ECLI:NL:RBMNE:2023:611
Rechtbank Midden-Nederland
- Eerste aanleg - enkelvoudig
- Rechtspraak.nl
Afwijzing aanvraag compensatie transitievergoeding wegens te late indiening en toetsing aan evenredigheidsbeginsel
In deze zaak heeft de Rechtbank Midden-Nederland op 15 februari 2023 uitspraak gedaan in een geschil tussen eiseres, vertegenwoordigd door mr. D. Simons, en de Raad van bestuur van het Uitvoeringsinstituut werknemersverzekeringen (Uwv), vertegenwoordigd door S.N. Westmaas-Kanhai. Eiseres had een aanvraag ingediend voor compensatie van de transitievergoeding die aan werknemer [A] was betaald, maar deze aanvraag werd door het Uwv afgewezen omdat deze te laat was ingediend. De rechtbank heeft de feiten en omstandigheden van de zaak in overweging genomen, waaronder de invoering van de Wet houdende maatregelen met betrekking tot de transitievergoeding en de verplichting om aanvragen via eHerkenning in te dienen.

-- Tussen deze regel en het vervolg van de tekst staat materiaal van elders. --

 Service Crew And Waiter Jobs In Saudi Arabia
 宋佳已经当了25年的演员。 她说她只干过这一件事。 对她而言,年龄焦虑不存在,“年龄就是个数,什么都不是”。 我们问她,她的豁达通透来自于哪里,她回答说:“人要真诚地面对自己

Eiseres stelde dat door personeelswisselingen en de impact van de coronacrisis de aanvraag niet tijdig was ingediend. De rechtbank oordeelde dat de aanvraag vóór 22 december 2020 ingediend had moeten worden, maar dat dit niet was gebeurd. Eiseres beriep zich op het vertrouwensbeginsel, stellende dat het Uwv haar had doen geloven dat de aanvraag was ontvangen. De rechtbank concludeerde echter dat eiseres niet voldoende bewijs had geleverd voor haar stelling dat het Uwv toezeggingen had gedaan over de behandeling van de aanvraag.
De rechtbank heeft de beroepsgrond van eiseres afgewezen en geoordeeld dat het Uwv de aanvraag terecht heeft afgewezen. De rechtbank concludeert dat de strikte toepassing van de termijn in dit geval niet onevenredig was in verhouding tot de doelen die met de regeling worden gediend. Het beroep van eiseres is ongegrond verklaard, en er is geen aanleiding voor een proceskostenveroordeling. De uitspraak is openbaar uitgesproken en partijen zijn op de hoogte gesteld van hun recht om binnen zes weken hoger beroep in te stellen bij de Centrale Raad van Beroep.